Storytelling sessions offer every participant an opportunity to engage in whatever way they feel appropriate. They may want to simply sit and listen, it may be that talk is something they can’t deal with that day, they may be highly creative and inventive with noises, words or situations. Sometimes me hamming it up as an angry rabbit or hysterical elderly turtle gives all of us an opportunity to laugh, with abandon, without anyone judging us or our actions. Those moments are truly beautiful for me, when we are all connected in joy.

I also ask for participation in creating a new story every session. It is always improvised and begins with whatever the participants ask for. They give me the characters or the place to start with and then I continuously ask for input as the story develops and the turning points arise. Again each week the participation level is varied although each week we create a totally new story that I record. Creating a story together allows me to understand the interests and thoughts of the people I am sharing with (which I can feedback to the centre). It allows us to all hear from each other and to experience something jointly that we all enjoy. It is a healing moment for the group as we combine to create something of beauty.

 

I transcribe all our created stories and print and bind them to remain in the centre for anyone to access as they wish. Often it is our created stories that people ask me to tell again and again. Below is a story named “Cresta and the Willow Tree”. It has been the most requested story in the workshop for the past three months and with some changes is a story I tell regularly during performances. I have included it below for you to enjoy as well.

The words in italics are the inputs from the participants. I have typed it out as I heard it so it is not a final edit /polished story it is more a reflection of our creative space and story in that moment.

 

Cresta and the Willow Tree

Girl named Cresta
Willow tree

Once there was a little girl named Cresta and Cresta lived in a city and she was one of those kids that knew exactly what she liked. The thing Cresta like most of all was trees. Everywhere she walked if there was a tree she would want to touch it. Well, you know city trees, they are either super, super old, or in someone’s garden or locked away in a back yard or young with a wire cage protecting the bark. She would be walking along and she’d try and stick her hand in the middle of those wire chains to try and get to the trees and try and touch that bark.

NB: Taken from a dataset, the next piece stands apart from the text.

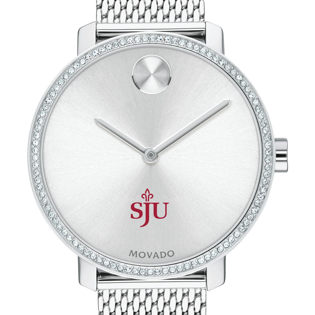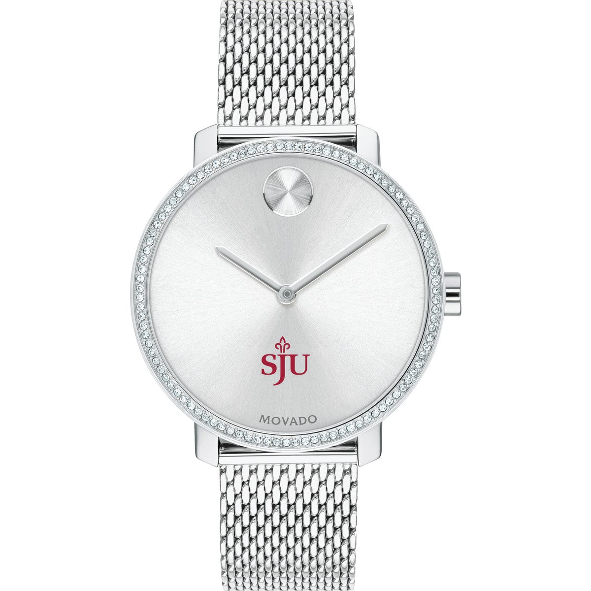 Saint Joseph's University Women's Movado BOLD watch features the Saint Joseph's University Logo in full color at 6 o'clock on silver sunray dial.

Cresta’s mum and dad would take her on walks her big brother would walk her to school and everyone noticed her love of trees. They lived in an apartment in the city and they tried to grow a few pot plants but could never grow a real tree. And Cresta wasn’t so interested in the pot plants. Instead what they did was paint the whole wall of her bedroom as a big tree and you know Cresta’s favourite tree from all of her books was the willow tree. She used to dream of living in a willow tree.

Willow Tree by Jacobus Hendrik Pierneef – 1925

 

They transformed her bedroom. They painted the wall near her bed with a great big willow tree trunk. Cresta said; “that’s not enough. That’s not enough.” So they painted the roof with these hanging branches. And Cresta said; “That’s not enough. That’s not enough”. In the end they painted willow branches from her bed all the way over to the other wall. They painted branches from the base of the wall where her bed was over the roof and onto the other wall they even had to paint the cupboard doors. Branches and branches. Cresta wanted to paint the leaves herself. She got out her little paints and brushes and she painted all the leaves at the bottom of the wall and her big brother painted the higher side of the walls. Her mum and dad painted the roof until the whole family had worked to create this tree all through Cresta’s bedroom and she loved it.

When she went to bed at night she would dream of climbing the branches. She would dream that she lived in that willow tree. She would talk to the tree and she would hear the breeze in the leaves talking back to her and for the first time Cresta felt comfortable living in the city. She was so relaxed and happy now that her room reflected her she didnt feel out of place.

Her Mum and her dad and her brother whenever they walked her to school they would ask her, “Cresta tell us, what did you dream?” And she would tell them how the Willow fairies had come out of her tree at night and they had played singing songs with her and skipping songs and dances and they played with her right through the night.

Wind
Then one day Cresta was off at school. Her parents were at work and her big brother was at high school and a big storm raged through that city. There were huge waves and winds and no one was allowed to return to their homes. Whilst in the school shelter Cresta realised she had left the window of her bedroom open. That storm ripped through her bedroom. Wind had torn everything to bits. Rain wet everything.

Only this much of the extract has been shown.